Exercise details: Using the data below, output a verbatim copy of the lines between the one holding "Whimsical Tree Under" and the one holding "本次心理骨干培训内容共分为四", inclusive, without any pictures.

Input data:
BEGIN

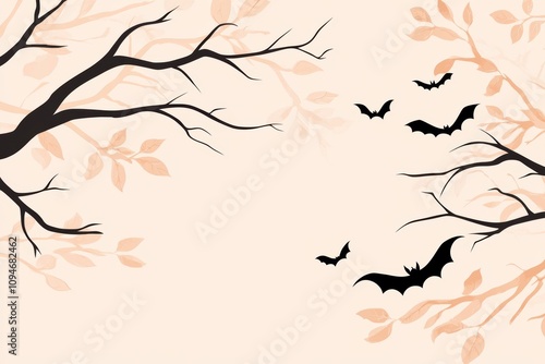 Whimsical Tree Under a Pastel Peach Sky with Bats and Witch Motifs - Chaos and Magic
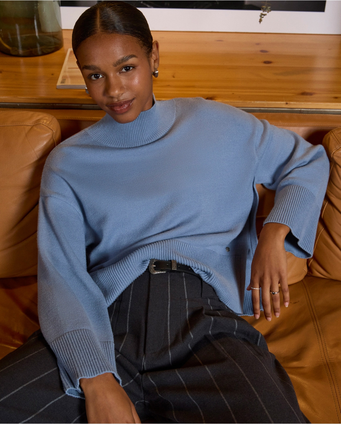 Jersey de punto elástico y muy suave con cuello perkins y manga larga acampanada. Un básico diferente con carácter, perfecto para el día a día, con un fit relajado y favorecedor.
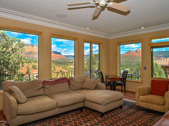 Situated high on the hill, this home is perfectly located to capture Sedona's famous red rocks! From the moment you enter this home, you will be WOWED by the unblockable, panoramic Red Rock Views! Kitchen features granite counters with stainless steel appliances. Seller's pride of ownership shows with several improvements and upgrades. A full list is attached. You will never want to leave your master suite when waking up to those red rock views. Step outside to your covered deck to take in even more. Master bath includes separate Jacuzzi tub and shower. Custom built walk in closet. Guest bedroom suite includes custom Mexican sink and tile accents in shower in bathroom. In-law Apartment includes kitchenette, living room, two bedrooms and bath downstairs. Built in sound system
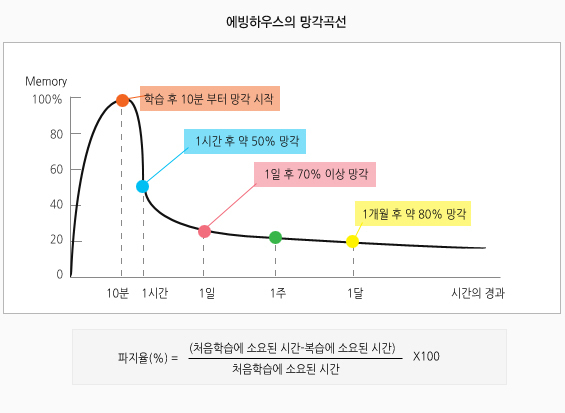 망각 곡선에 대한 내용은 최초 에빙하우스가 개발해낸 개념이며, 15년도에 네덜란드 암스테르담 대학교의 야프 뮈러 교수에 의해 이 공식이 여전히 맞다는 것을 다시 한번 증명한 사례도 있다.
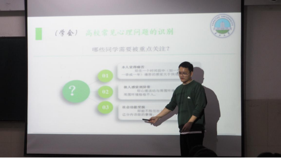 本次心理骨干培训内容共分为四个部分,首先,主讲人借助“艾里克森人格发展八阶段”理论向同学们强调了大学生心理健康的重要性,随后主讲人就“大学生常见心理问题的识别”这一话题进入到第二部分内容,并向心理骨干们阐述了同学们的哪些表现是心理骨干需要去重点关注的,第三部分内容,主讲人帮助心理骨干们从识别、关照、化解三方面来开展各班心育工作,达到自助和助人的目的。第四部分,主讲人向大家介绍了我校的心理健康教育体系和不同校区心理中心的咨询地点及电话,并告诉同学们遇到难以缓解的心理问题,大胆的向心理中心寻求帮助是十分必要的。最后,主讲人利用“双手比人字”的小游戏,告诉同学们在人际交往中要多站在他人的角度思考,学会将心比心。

END
BEGIN

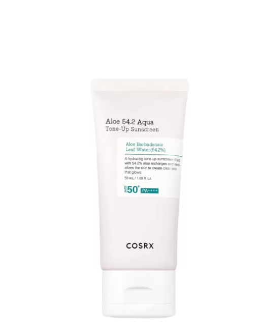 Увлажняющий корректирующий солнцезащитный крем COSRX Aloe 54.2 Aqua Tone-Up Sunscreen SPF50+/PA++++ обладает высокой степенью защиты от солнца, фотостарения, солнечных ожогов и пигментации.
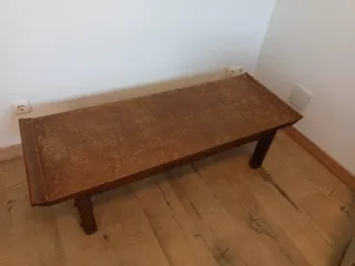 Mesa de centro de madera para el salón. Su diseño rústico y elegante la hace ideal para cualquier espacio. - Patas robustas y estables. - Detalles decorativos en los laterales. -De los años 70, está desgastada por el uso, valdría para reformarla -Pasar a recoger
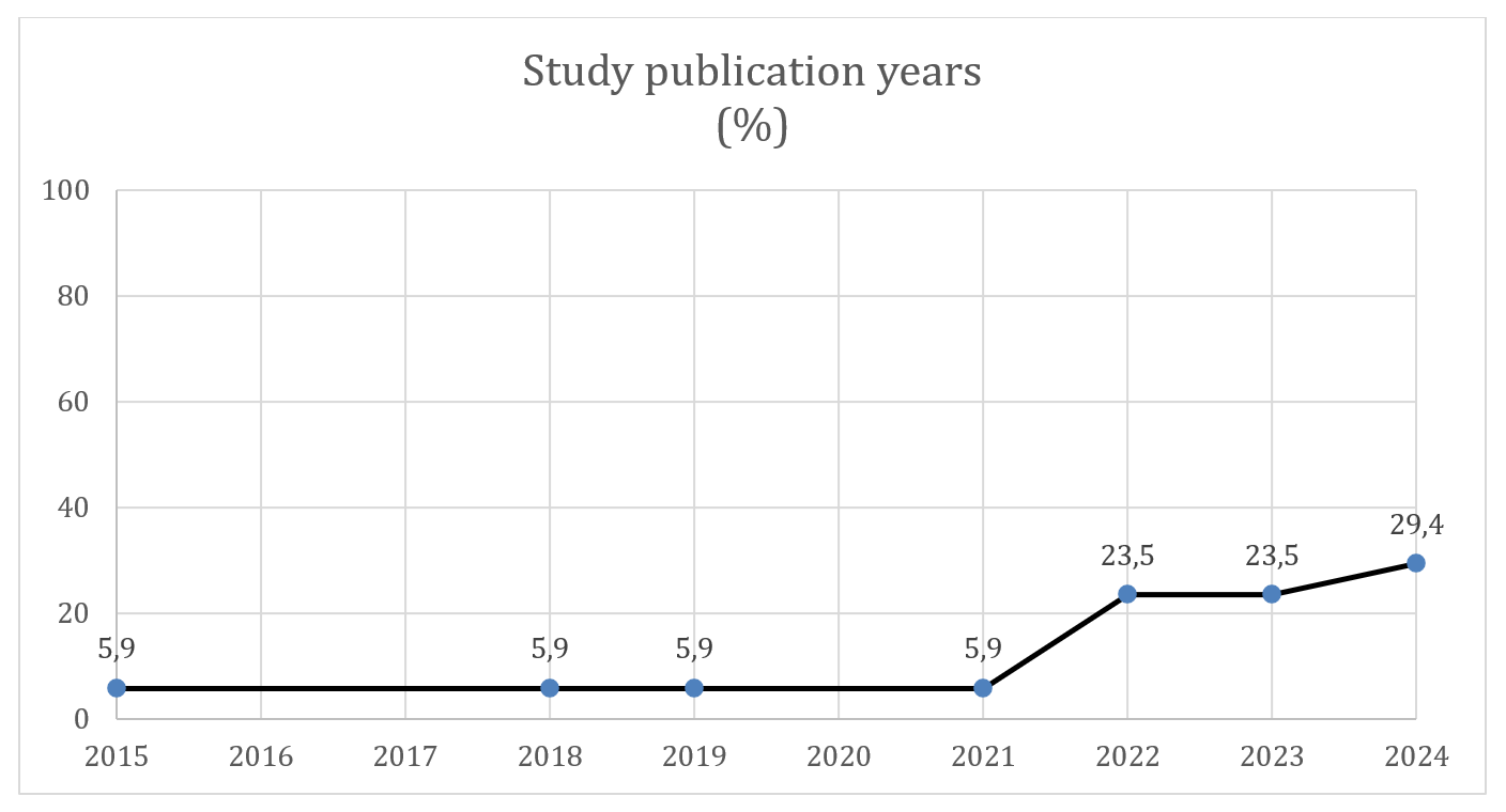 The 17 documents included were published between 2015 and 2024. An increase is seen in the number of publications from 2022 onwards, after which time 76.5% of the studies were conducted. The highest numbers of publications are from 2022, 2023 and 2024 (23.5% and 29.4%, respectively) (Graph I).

END
BEGIN

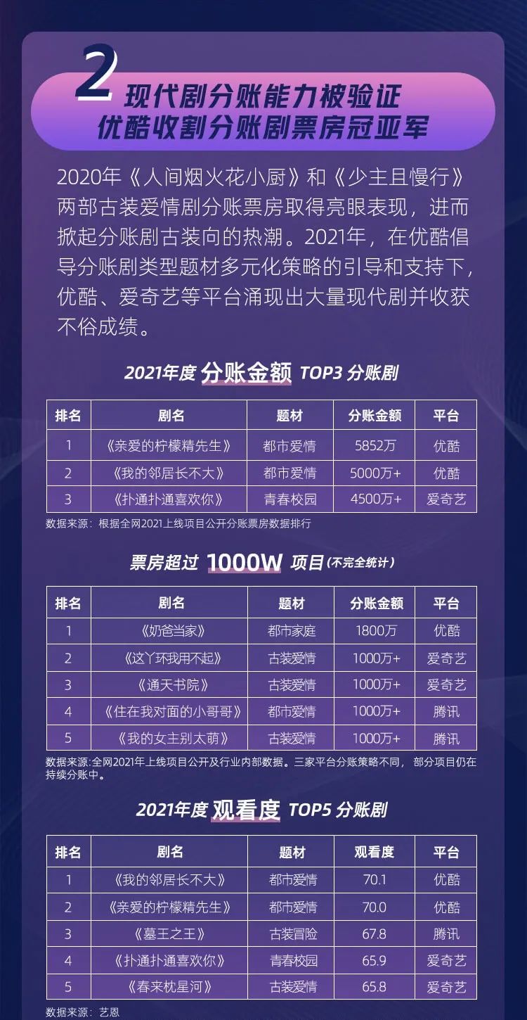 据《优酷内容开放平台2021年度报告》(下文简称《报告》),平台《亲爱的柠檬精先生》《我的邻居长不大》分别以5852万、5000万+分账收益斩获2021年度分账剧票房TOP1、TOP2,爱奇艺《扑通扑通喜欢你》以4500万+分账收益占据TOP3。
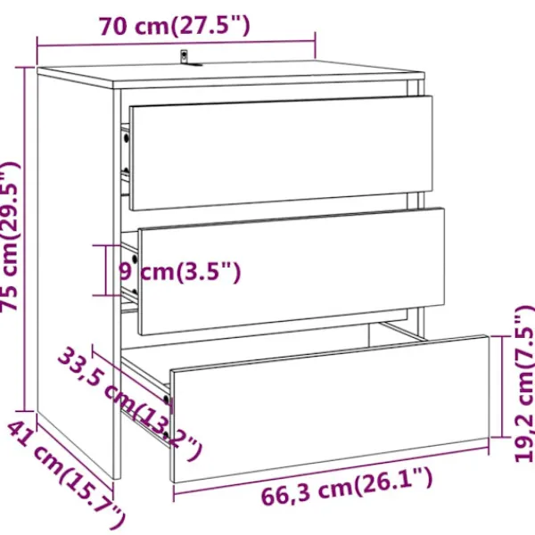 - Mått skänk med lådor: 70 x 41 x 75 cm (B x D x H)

END

Answer to this problem:
 Whimsical Tree Under a Pastel Peach Sky with Bats and Witch Motifs - Chaos and Magic
 Jersey de punto elástico y muy suave con cuello perkins y manga larga acampanada. Un básico diferente con carácter, perfecto para el día a día, con un fit relajado y favorecedor.
 Situated high on the hill, this home is perfectly located to capture Sedona's famous red rocks! From the moment you enter this home, you will be WOWED by the unblockable, panoramic Red Rock Views! Kitchen features granite counters with stainless steel appliances. Seller's pride of ownership shows with several improvements and upgrades. A full list is attached. You will never want to leave your master suite when waking up to those red rock views. Step outside to your covered deck to take in even more. Master bath includes separate Jacuzzi tub and shower. Custom built walk in closet. Guest bedroom suite includes custom Mexican sink and tile accents in shower in bathroom. In-law Apartment includes kitchenette, living room, two bedrooms and bath downstairs. Built in sound system
 망각 곡선에 대한 내용은 최초 에빙하우스가 개발해낸 개념이며, 15년도에 네덜란드 암스테르담 대학교의 야프 뮈러 교수에 의해 이 공식이 여전히 맞다는 것을 다시 한번 증명한 사례도 있다.
 本次心理骨干培训内容共分为四个部分,首先,主讲人借助“艾里克森人格发展八阶段”理论向同学们强调了大学生心理健康的重要性,随后主讲人就“大学生常见心理问题的识别”这一话题进入到第二部分内容,并向心理骨干们阐述了同学们的哪些表现是心理骨干需要去重点关注的,第三部分内容,主讲人帮助心理骨干们从识别、关照、化解三方面来开展各班心育工作,达到自助和助人的目的。第四部分,主讲人向大家介绍了我校的心理健康教育体系和不同校区心理中心的咨询地点及电话,并告诉同学们遇到难以缓解的心理问题,大胆的向心理中心寻求帮助是十分必要的。最后,主讲人利用“双手比人字”的小游戏,告诉同学们在人际交往中要多站在他人的角度思考,学会将心比心。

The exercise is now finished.